▶ [Work to be completed] Your output should be the exact lines from the start of the data through the line containing "傷や汚れから守るフラップ付き", with no pictures.

Items listed in a dataset
┌──

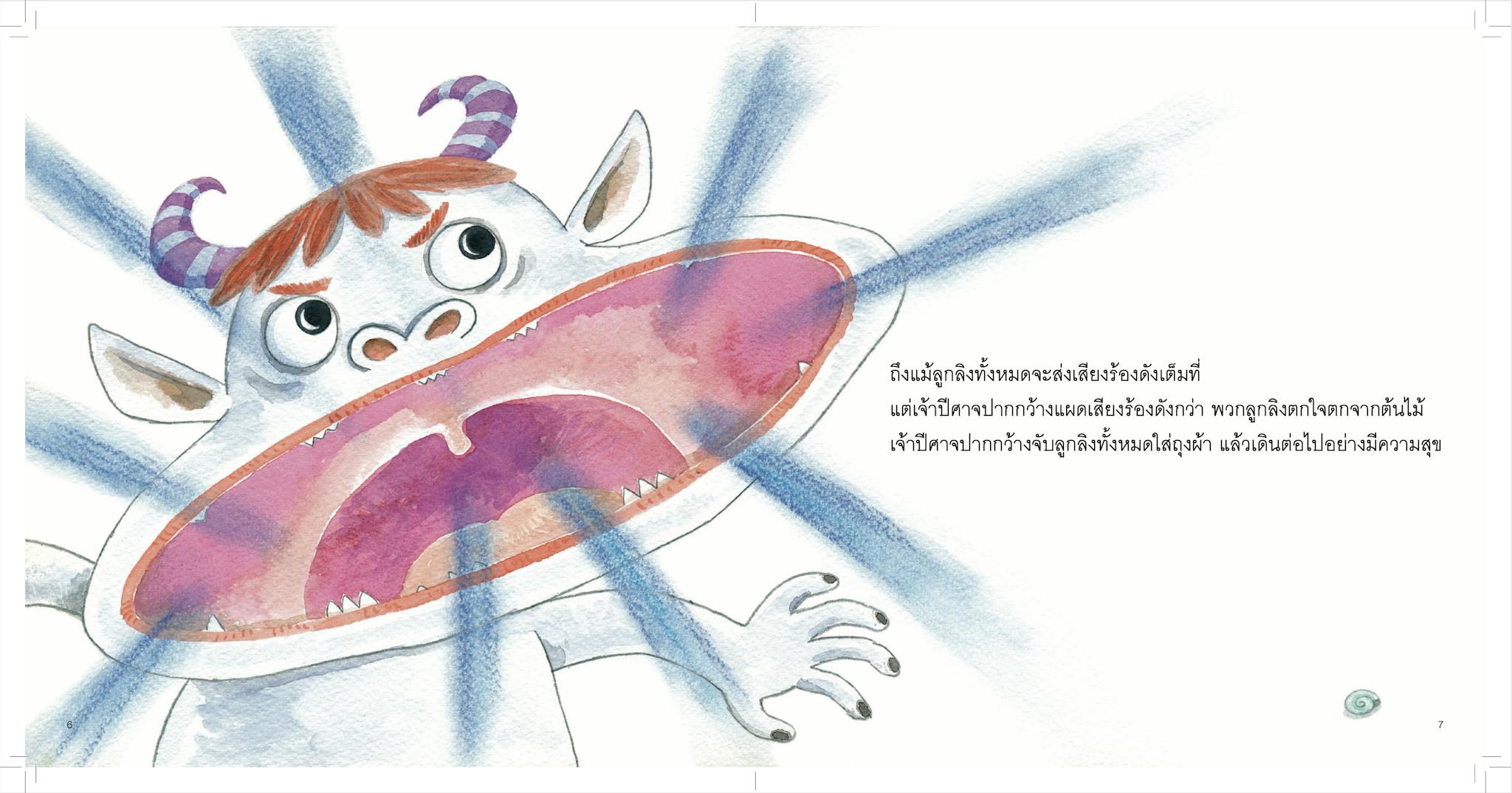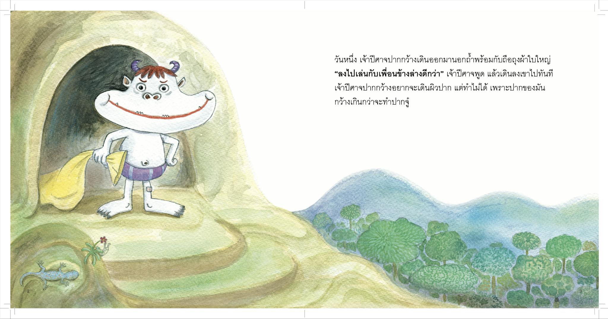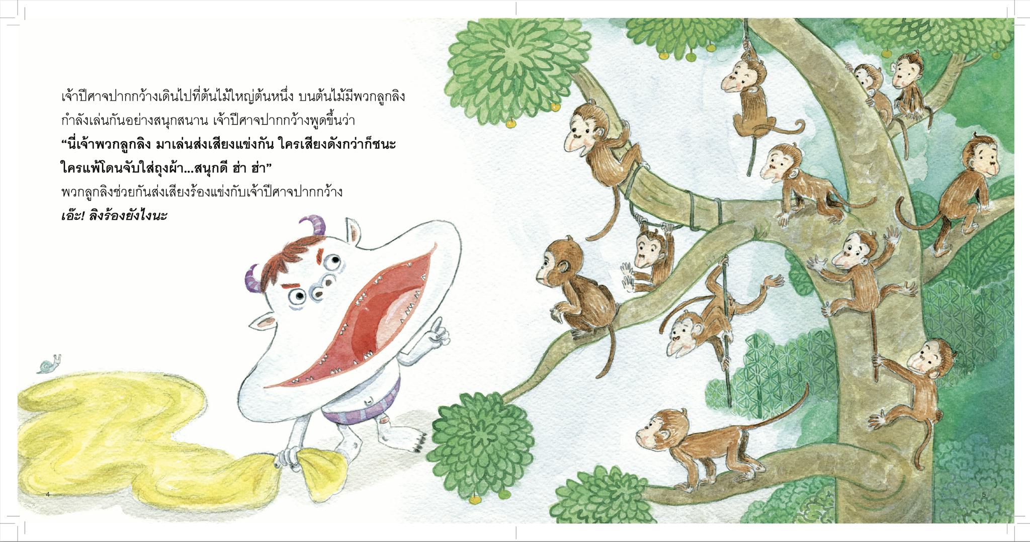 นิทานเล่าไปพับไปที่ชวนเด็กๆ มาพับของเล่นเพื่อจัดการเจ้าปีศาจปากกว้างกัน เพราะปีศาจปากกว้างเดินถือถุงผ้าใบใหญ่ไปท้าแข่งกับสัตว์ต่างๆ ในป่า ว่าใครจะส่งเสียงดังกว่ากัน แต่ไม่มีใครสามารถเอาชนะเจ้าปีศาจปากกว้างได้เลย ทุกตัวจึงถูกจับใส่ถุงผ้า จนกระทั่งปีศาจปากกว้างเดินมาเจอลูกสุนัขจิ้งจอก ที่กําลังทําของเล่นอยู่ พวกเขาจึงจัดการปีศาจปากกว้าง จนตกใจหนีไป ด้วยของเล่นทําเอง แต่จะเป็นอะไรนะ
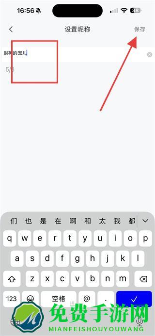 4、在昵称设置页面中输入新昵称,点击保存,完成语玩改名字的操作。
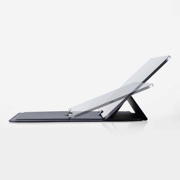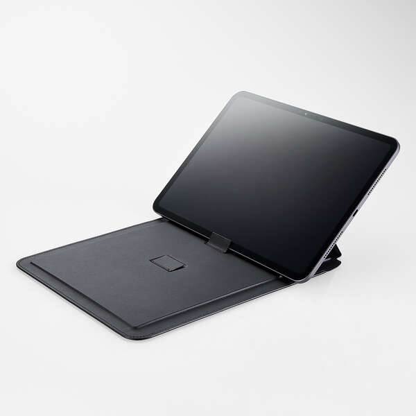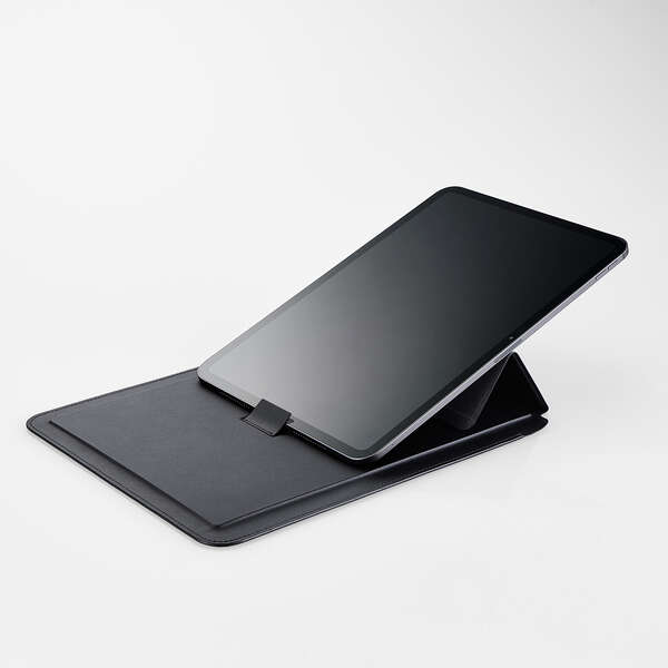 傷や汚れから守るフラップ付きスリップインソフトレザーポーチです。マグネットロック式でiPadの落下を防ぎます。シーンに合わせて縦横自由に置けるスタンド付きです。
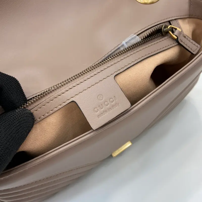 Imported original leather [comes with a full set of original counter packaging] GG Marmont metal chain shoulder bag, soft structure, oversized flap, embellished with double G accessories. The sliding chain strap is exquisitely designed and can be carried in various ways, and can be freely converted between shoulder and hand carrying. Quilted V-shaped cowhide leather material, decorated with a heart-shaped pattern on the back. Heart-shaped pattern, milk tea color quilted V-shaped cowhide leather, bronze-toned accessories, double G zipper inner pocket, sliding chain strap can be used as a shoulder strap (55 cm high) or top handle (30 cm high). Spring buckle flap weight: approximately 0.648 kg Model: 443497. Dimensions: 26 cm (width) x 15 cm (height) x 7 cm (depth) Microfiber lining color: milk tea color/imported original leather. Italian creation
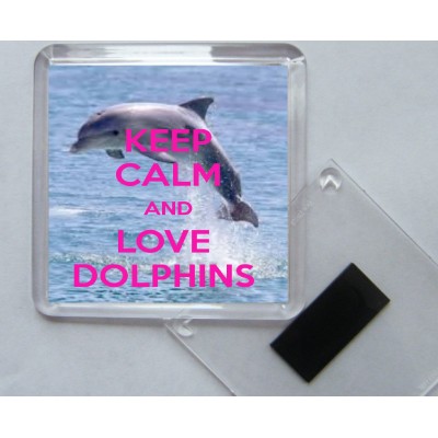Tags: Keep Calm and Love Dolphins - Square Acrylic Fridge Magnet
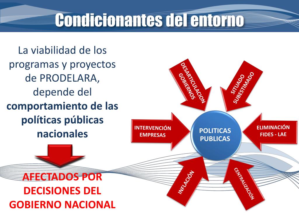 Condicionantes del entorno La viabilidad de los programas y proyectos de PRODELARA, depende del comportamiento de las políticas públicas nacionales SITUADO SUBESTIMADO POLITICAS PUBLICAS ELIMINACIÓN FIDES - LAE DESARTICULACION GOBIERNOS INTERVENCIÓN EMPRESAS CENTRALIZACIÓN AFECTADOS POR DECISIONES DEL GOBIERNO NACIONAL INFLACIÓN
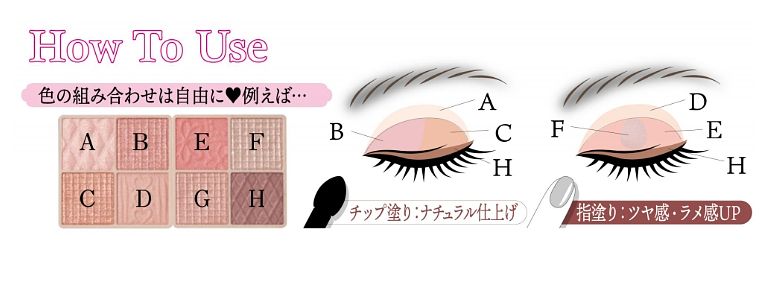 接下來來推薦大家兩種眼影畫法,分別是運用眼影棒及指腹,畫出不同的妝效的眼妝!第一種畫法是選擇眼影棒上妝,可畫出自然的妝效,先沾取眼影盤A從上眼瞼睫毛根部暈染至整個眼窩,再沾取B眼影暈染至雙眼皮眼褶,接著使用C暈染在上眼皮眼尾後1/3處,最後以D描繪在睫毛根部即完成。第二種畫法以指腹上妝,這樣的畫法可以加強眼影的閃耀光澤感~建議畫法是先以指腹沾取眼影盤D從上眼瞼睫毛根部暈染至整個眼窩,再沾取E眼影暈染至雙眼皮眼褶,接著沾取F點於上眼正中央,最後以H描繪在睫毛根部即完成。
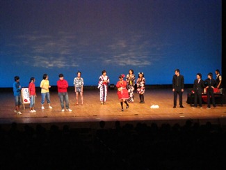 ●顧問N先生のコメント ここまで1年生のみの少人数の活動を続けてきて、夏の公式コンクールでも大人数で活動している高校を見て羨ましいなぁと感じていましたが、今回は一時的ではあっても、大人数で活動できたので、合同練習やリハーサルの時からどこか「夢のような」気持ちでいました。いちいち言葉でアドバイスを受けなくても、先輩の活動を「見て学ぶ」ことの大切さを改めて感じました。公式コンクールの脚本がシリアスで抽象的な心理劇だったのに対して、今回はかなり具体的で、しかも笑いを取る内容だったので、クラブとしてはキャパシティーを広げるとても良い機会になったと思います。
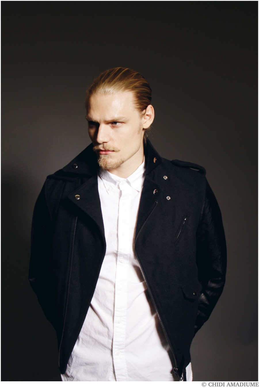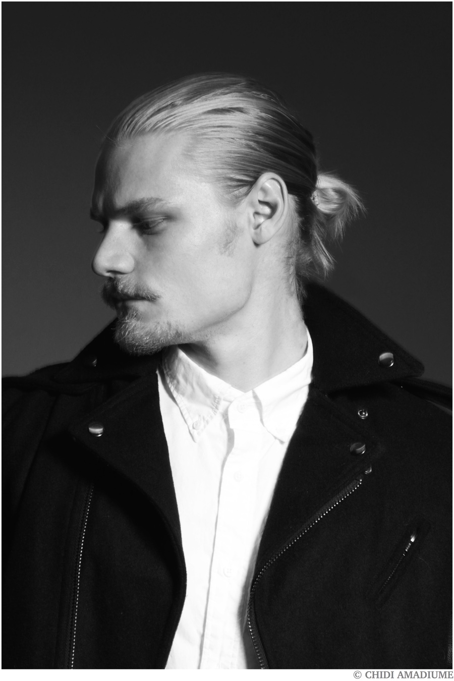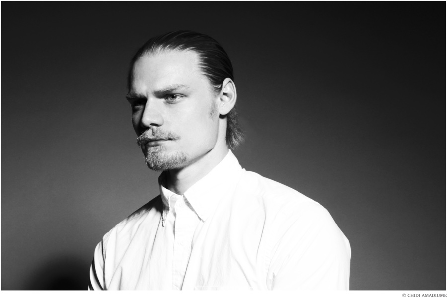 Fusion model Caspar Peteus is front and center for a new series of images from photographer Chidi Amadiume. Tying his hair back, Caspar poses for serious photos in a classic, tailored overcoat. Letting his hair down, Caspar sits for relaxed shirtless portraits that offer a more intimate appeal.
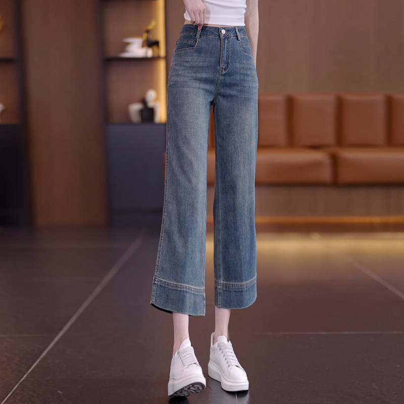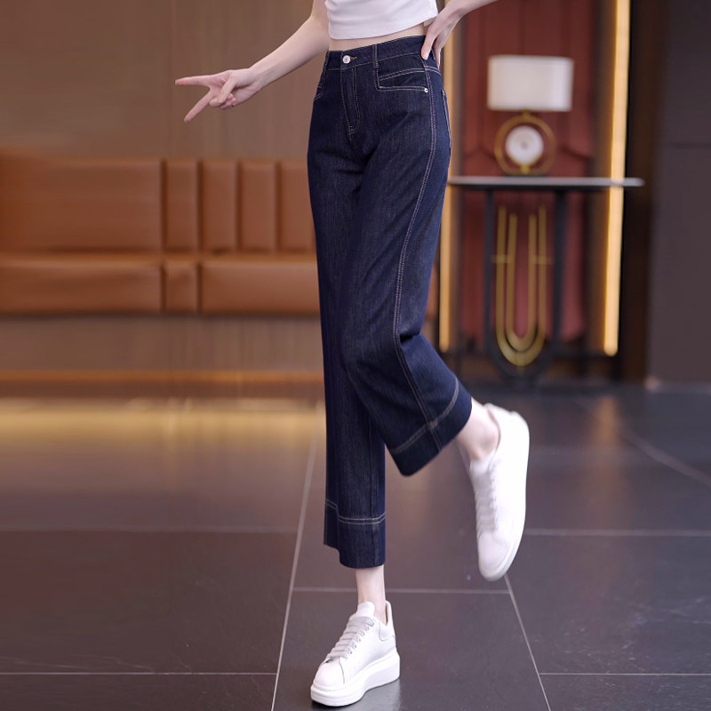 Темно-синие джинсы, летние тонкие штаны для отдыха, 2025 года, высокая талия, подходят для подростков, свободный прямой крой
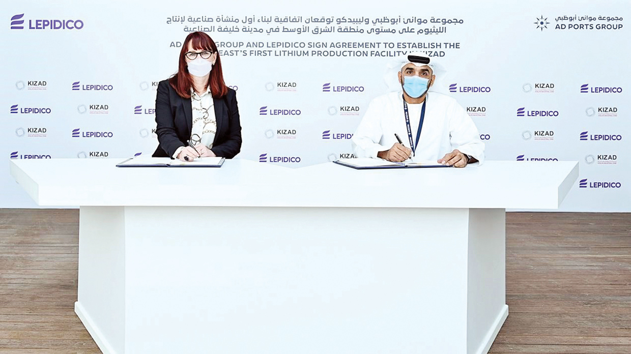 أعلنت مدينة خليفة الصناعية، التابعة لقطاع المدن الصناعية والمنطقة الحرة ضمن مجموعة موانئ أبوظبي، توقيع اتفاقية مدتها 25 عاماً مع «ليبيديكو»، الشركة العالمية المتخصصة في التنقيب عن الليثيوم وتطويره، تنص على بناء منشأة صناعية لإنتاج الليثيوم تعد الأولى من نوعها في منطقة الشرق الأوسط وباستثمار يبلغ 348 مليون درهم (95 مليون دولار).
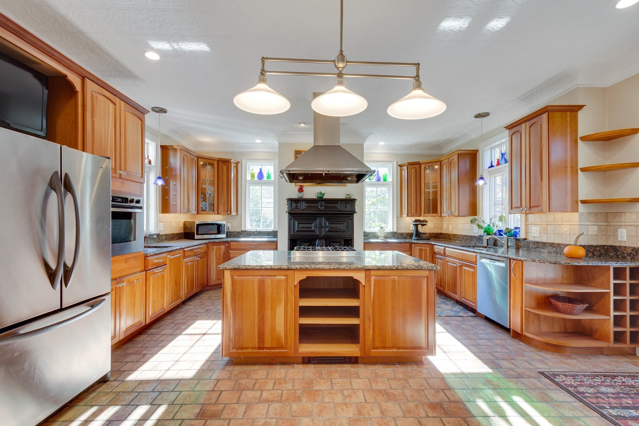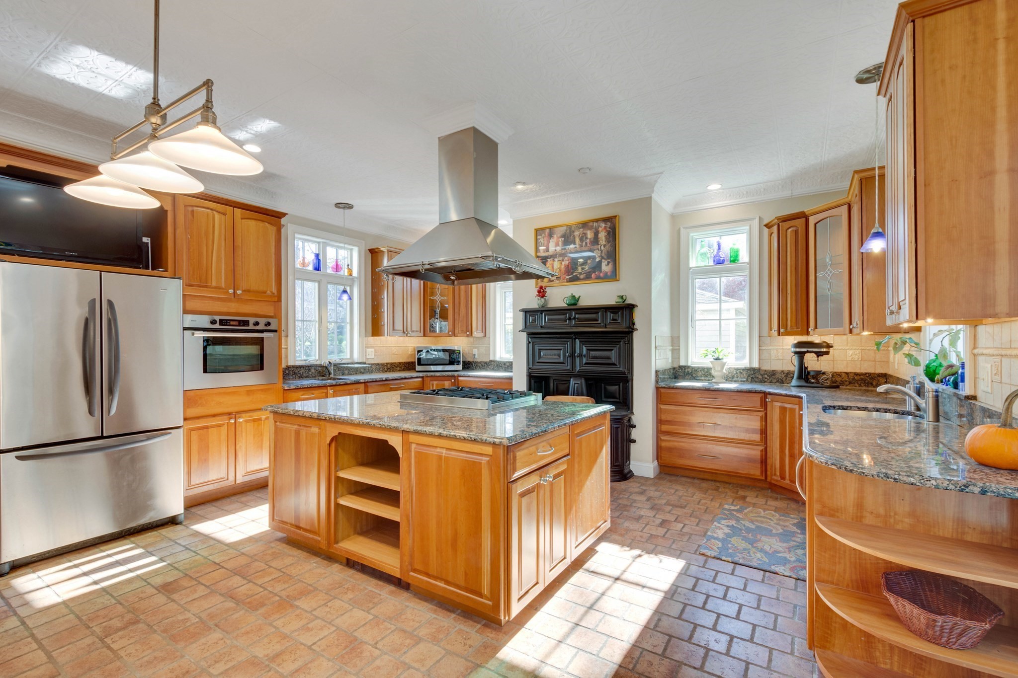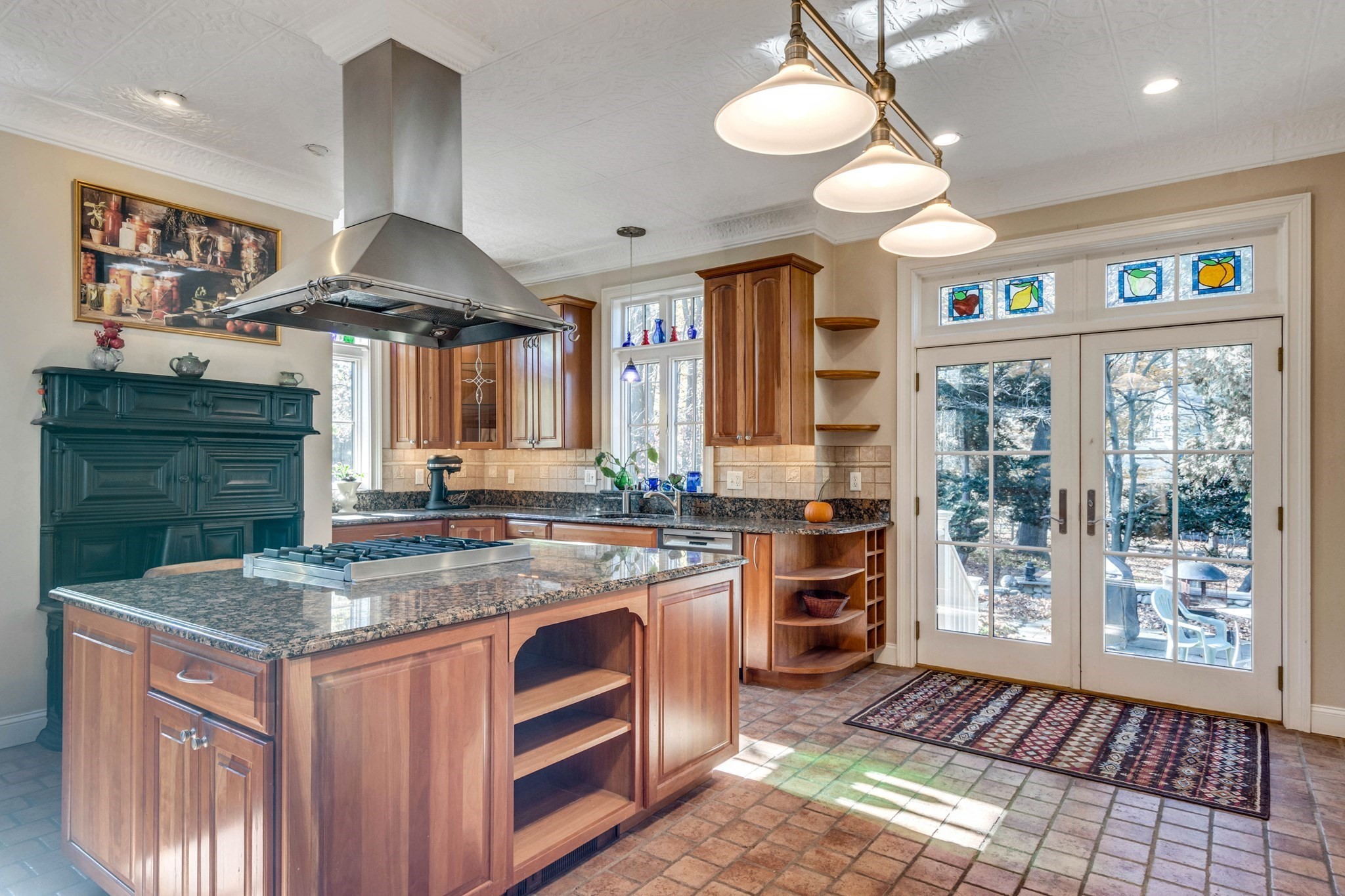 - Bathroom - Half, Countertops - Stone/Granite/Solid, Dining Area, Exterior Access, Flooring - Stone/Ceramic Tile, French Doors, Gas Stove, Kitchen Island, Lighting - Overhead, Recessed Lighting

└──

▶ [Expected answer]
 นิทานเล่าไปพับไปที่ชวนเด็กๆ มาพับของเล่นเพื่อจัดการเจ้าปีศาจปากกว้างกัน เพราะปีศาจปากกว้างเดินถือถุงผ้าใบใหญ่ไปท้าแข่งกับสัตว์ต่างๆ ในป่า ว่าใครจะส่งเสียงดังกว่ากัน แต่ไม่มีใครสามารถเอาชนะเจ้าปีศาจปากกว้างได้เลย ทุกตัวจึงถูกจับใส่ถุงผ้า จนกระทั่งปีศาจปากกว้างเดินมาเจอลูกสุนัขจิ้งจอก ที่กําลังทําของเล่นอยู่ พวกเขาจึงจัดการปีศาจปากกว้าง จนตกใจหนีไป ด้วยของเล่นทําเอง แต่จะเป็นอะไรนะ
 4、在昵称设置页面中输入新昵称,点击保存,完成语玩改名字的操作。
 傷や汚れから守るフラップ付きスリップインソフトレザーポーチです。マグネットロック式でiPadの落下を防ぎます。シーンに合わせて縦横自由に置けるスタンド付きです。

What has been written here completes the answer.